Bagas berdiri diatas haluan jung besar yang merupakan bagian dari armada pasukan Demak. Dan atas pengaruh dari Tan Fang Bu akhirnya Bagas ditempatkan di salah satu jung besar, satu kapal dengan Fang Yin, yang sekarang menjadi salah satu pasukan medis di armada tersebut. Dia dapat melihat pemandangan yang menakjubkan sekaligus mengerikan. Bagas dapat melihat deretan kapal laut yang berbaris dalam berbagai formasi, berlayar kearah utara. Armada besar itu membuatnya kagum sekaligus takut. Dia menatap ujung sebelah kiri rombongan armada laut ini, tampak sebuah jung besar berkapasitas sama dengan jung yang dinaikinya, bergerak pelan memecah ombak.
Bila Bagas mengalihkan pandangan kearah buritan, dia dapat melihat lebih banyak kapal berlayar. Jung yang dia naiki berposisi disebelah timur dari formasi armada. Jung-nya berlayar sejajar dengan dua jenis jung yang sama. Tiga jung ini berada dan berlayar paling depan dari seluruh rombongan armada penyerbu. Bagas kembali mengarahkan pandangannya ke depan, dia menatap jauh ke ujung cakrawala. Laut luas terhampar didepannya sejauh mata memandang. Kadang dia berfikir, dimanakah ujung laut itu, apakah ada ujungnya, kalau ada, bentuknya seperti apa. Walaupun dia takut bila bertemu ujung lautan, tetapi tetap dia penasaran dengan bentuknya.
Fang Yin mendekati Bagas yang sedang berdiri tegak di haluan diam-diam dari belakang. Samfoo hitam - hitam yang dikenakannya membungkus ketat tubuh langsingnya. Kulit tubuhnya yang putih tampak kontras dengan samfoohitam itu. Perempuan muda itu berjinjit tanpa suara.
"Bo..", panggilnya lembut.
Bagas terkejut, dia menolehkan kepalanya dan tersenyum kepada Fang Yin yang mendekatinya. Perempuan muda itu menaruh keningnya di bahu Bagas, dan memeluknya dari belakang. Kemudian dia berbisik ditelinga suaminya. Menggoda.
"Haiz... Fang fang. Jangan begitu. Ndak enak kita nanti.", bisik Bagas pelan.

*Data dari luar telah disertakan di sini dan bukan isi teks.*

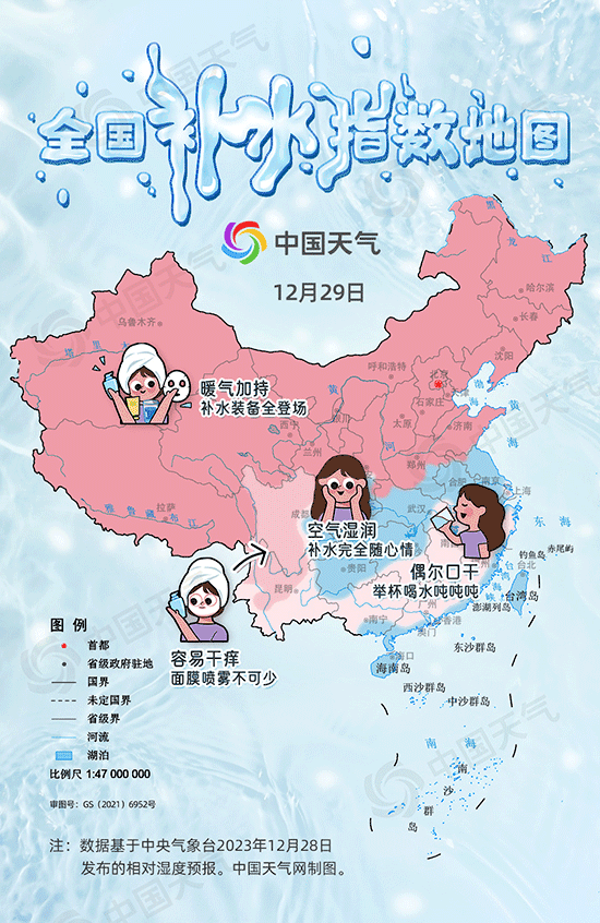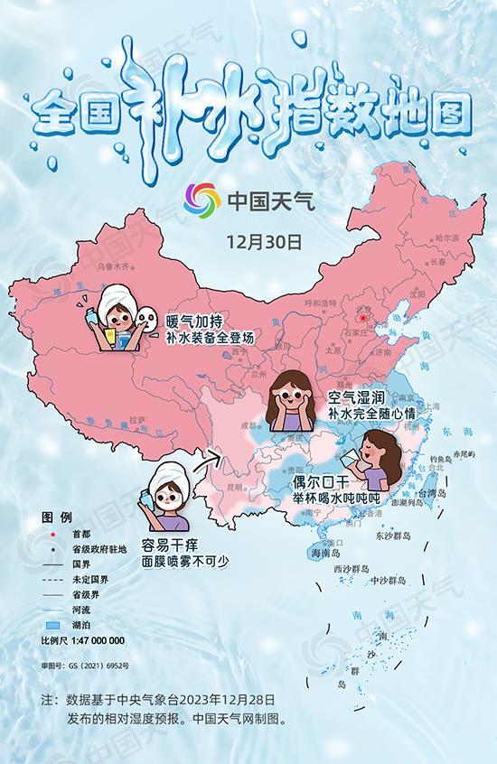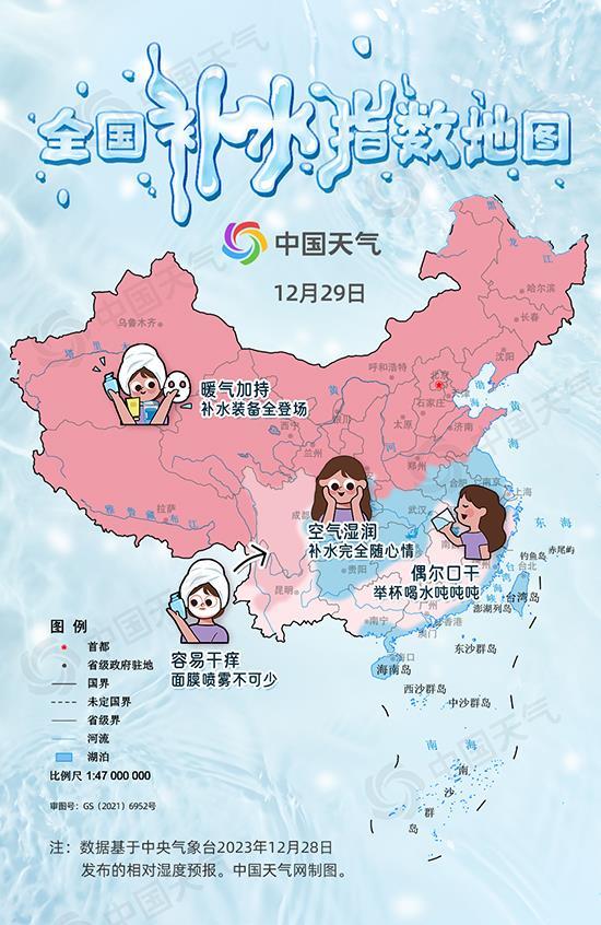 2023年尾声,我国大部雨雪不多,气温总体呈回升态势,不少小伙伴直呼“干燥到快要裂开”。目前,多地已进入一年中的干燥时段,中国天气网特别推出全国补水指数地图,看看你家有多干。同时奉上补水四大误区,助你滋润过冬。

Sementara Fang Yin hanya tertawa pelan mendengar protes Bagas. Perempuan muda itu malah membenamkan wajah cantiknya dipunggung Bagas, sambil mengucapkan beberapa kalimat manja yang membuat kedua telinga suaminya itu memerah.
Dari kejauhan, Thio San Bo, Shàng jiàng jung besar ini, bersama Wêirèn guān - perwira pertama Huang Le Bun, dan Wêirèn guān - perwira ke dua Jati Anom, sedang memperhatikan kemesraan mereka berdua.
"Mereka itu siapa Shàng jiàng?", tanya Wêirèn guān - perwira ke dua Jati Anom penasaran.
"Yang laki-laki tidak jelas asal usulnya. Sementara yang perempuan itu anak Syaikh Fen Bu di Pasuruan.", jawab Wêirèn guān - perwira pertama Huang Le Bun.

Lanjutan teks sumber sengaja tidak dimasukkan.